*** Opening Data extract ***
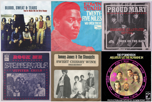 Blood, Sweat & Tears‘ self-titled second album won the Grammy Award for Album of the Year, in large part due to its three huge singles, each of which peaked at #2 on Billboard. “You’ve Made Me So Very Happy” was at #3 on WABC this week. (It would be followed by “Spinning Wheel” and “And When I Die.”
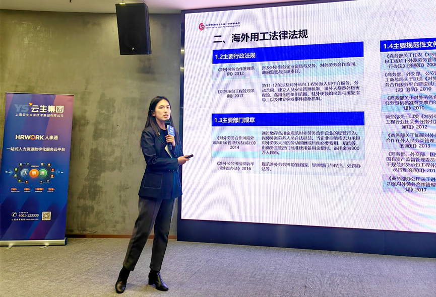 云生集团海外业务总监汪鸿雁首先带来主题分享《海外用工常见的风险与挑战》,她指出了中国企业“走出去”海外用工的十大风险与挑战,包括劳动法律环境、解雇风险、对外投资派遣用工模式、薪酬社保个税、外籍人员准入限制、当地工会力量、文化壁垒、职场歧视、员工假期管理和职业安全与人身健康。云生集团2023重磅推出出海易Chuhaiyi,为中国企业出海提供安全高效的一站式全球用工数字化人力资源解决方案,以上难点痛点都能由出海易帮助解决。出海易Chuhaiyi拥有成熟的数字化能力以及覆盖全球的服务网络GSSN,基于HRWORK云平台的统一界面和本地化语言操作,可在全球158个国家和地区,为客户海外人力资源管理进行数字化高效赋能。
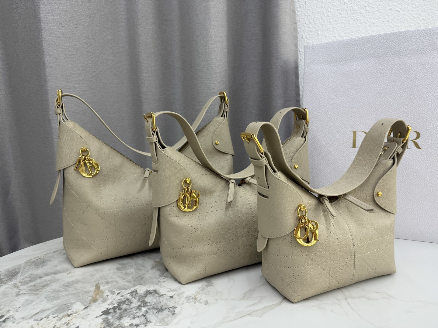 This Dior Voyage handbag is part of the early spring 2026 ready-to-wear collection, combining soft lines and elegant details to create a harmonious dumpling-shaped silhouette. Meticulously crafted from rouge riz calfskin, it features flat, oversized cannage stitching, offering a fresh interpretation of Dior's classic pattern. The soft silhouette is enhanced with antique gold-finish metal D.I.O.R. charms and meticulously crafted leather accents, adding sophistication and structure to the design. The main compartment is secured with a practical two-way zip closure. In a large size, it comes with a top handle and an adjustable clasp, allowing it to be carried on the shoulder, making it an ideal companion for everyday styling.
*** Closing Data extract ***
• _Exercise details_
Look for the line that contains "云生集团海外业务总监汪鸿雁首", then please copy it and the rest of the lines through the end of the data, pictures excluded.

• _Answer section_
 云生集团海外业务总监汪鸿雁首先带来主题分享《海外用工常见的风险与挑战》,她指出了中国企业“走出去”海外用工的十大风险与挑战,包括劳动法律环境、解雇风险、对外投资派遣用工模式、薪酬社保个税、外籍人员准入限制、当地工会力量、文化壁垒、职场歧视、员工假期管理和职业安全与人身健康。云生集团2023重磅推出出海易Chuhaiyi,为中国企业出海提供安全高效的一站式全球用工数字化人力资源解决方案,以上难点痛点都能由出海易帮助解决。出海易Chuhaiyi拥有成熟的数字化能力以及覆盖全球的服务网络GSSN,基于HRWORK云平台的统一界面和本地化语言操作,可在全球158个国家和地区,为客户海外人力资源管理进行数字化高效赋能。
 This Dior Voyage handbag is part of the early spring 2026 ready-to-wear collection, combining soft lines and elegant details to create a harmonious dumpling-shaped silhouette. Meticulously crafted from rouge riz calfskin, it features flat, oversized cannage stitching, offering a fresh interpretation of Dior's classic pattern. The soft silhouette is enhanced with antique gold-finish metal D.I.O.R. charms and meticulously crafted leather accents, adding sophistication and structure to the design. The main compartment is secured with a practical two-way zip closure. In a large size, it comes with a top handle and an adjustable clasp, allowing it to be carried on the shoulder, making it an ideal companion for everyday styling.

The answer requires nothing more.